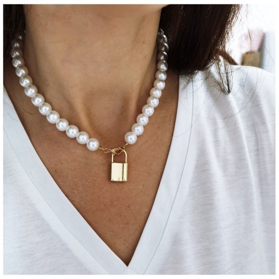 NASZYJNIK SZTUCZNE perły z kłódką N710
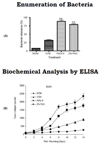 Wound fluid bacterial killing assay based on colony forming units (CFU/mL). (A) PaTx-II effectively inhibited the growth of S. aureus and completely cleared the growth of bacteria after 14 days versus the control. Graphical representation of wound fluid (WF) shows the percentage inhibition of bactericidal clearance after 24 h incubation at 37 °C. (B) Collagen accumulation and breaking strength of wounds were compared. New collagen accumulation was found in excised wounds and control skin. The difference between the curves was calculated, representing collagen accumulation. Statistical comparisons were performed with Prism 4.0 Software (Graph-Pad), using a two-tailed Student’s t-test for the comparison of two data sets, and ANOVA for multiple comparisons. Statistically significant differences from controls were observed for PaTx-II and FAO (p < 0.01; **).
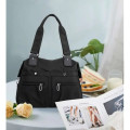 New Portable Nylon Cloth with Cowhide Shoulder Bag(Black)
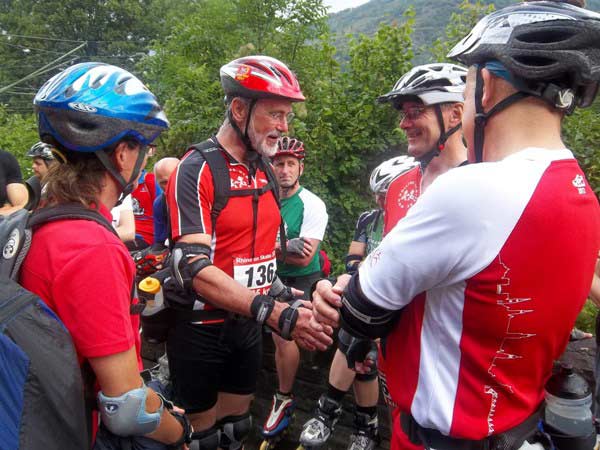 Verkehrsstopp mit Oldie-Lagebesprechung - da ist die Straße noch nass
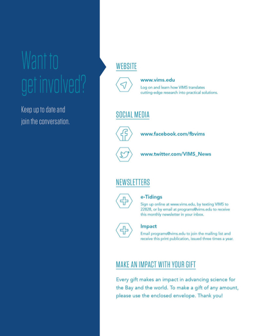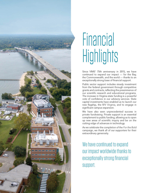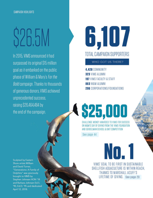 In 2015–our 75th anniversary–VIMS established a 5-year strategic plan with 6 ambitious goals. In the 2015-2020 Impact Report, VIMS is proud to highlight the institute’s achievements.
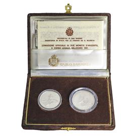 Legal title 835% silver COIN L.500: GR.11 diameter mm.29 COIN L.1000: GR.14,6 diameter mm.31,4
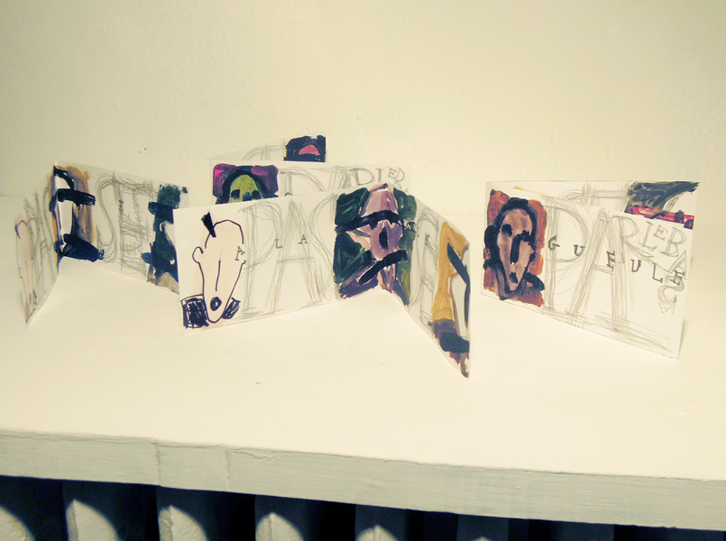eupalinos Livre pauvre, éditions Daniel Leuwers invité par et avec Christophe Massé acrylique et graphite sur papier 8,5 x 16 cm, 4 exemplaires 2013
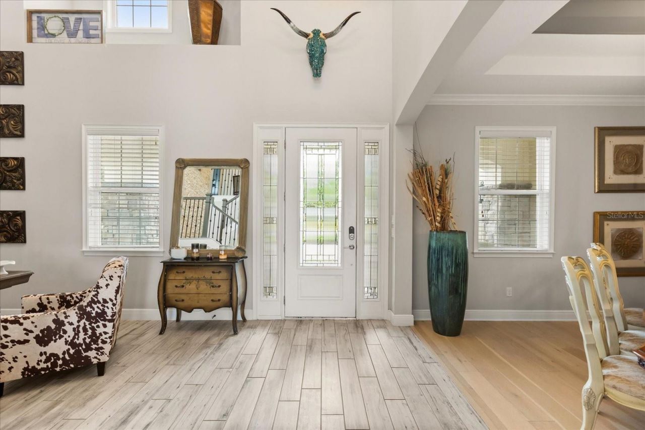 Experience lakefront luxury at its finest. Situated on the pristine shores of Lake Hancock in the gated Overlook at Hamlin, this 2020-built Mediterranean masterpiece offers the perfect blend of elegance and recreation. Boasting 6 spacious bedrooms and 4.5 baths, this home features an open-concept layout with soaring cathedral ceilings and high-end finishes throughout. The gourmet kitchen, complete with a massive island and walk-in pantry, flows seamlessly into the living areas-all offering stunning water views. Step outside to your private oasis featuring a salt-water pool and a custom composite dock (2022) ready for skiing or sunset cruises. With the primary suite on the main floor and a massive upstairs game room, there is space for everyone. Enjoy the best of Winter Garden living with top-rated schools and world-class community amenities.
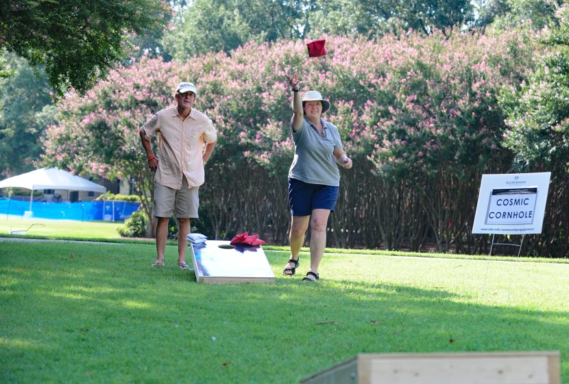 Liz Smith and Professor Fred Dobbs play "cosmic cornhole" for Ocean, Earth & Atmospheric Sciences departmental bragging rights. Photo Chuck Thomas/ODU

▸ **Task goal**: Verbatim copy without images: write the records above out in full.

▸ **Solution to the exercise**:
 NASZYJNIK SZTUCZNE perły z kłódką N710
 Wound fluid bacterial killing assay based on colony forming units (CFU/mL). (A) PaTx-II effectively inhibited the growth of S. aureus and completely cleared the growth of bacteria after 14 days versus the control. Graphical representation of wound fluid (WF) shows the percentage inhibition of bactericidal clearance after 24 h incubation at 37 °C. (B) Collagen accumulation and breaking strength of wounds were compared. New collagen accumulation was found in excised wounds and control skin. The difference between the curves was calculated, representing collagen accumulation. Statistical comparisons were performed with Prism 4.0 Software (Graph-Pad), using a two-tailed Student’s t-test for the comparison of two data sets, and ANOVA for multiple comparisons. Statistically significant differences from controls were observed for PaTx-II and FAO (p < 0.01; **).
 New Portable Nylon Cloth with Cowhide Shoulder Bag(Black)
 Verkehrsstopp mit Oldie-Lagebesprechung - da ist die Straße noch nass
 In 2015–our 75th anniversary–VIMS established a 5-year strategic plan with 6 ambitious goals. In the 2015-2020 Impact Report, VIMS is proud to highlight the institute’s achievements.
 Legal title 835% silver COIN L.500: GR.11 diameter mm.29 COIN L.1000: GR.14,6 diameter mm.31,4
eupalinos Livre pauvre, éditions Daniel Leuwers invité par et avec Christophe Massé acrylique et graphite sur papier 8,5 x 16 cm, 4 exemplaires 2013
 Experience lakefront luxury at its finest. Situated on the pristine shores of Lake Hancock in the gated Overlook at Hamlin, this 2020-built Mediterranean masterpiece offers the perfect blend of elegance and recreation. Boasting 6 spacious bedrooms and 4.5 baths, this home features an open-concept layout with soaring cathedral ceilings and high-end finishes throughout. The gourmet kitchen, complete with a massive island and walk-in pantry, flows seamlessly into the living areas-all offering stunning water views. Step outside to your private oasis featuring a salt-water pool and a custom composite dock (2022) ready for skiing or sunset cruises. With the primary suite on the main floor and a massive upstairs game room, there is space for everyone. Enjoy the best of Winter Garden living with top-rated schools and world-class community amenities.
 Liz Smith and Professor Fred Dobbs play "cosmic cornhole" for Ocean, Earth & Atmospheric Sciences departmental bragging rights. Photo Chuck Thomas/ODU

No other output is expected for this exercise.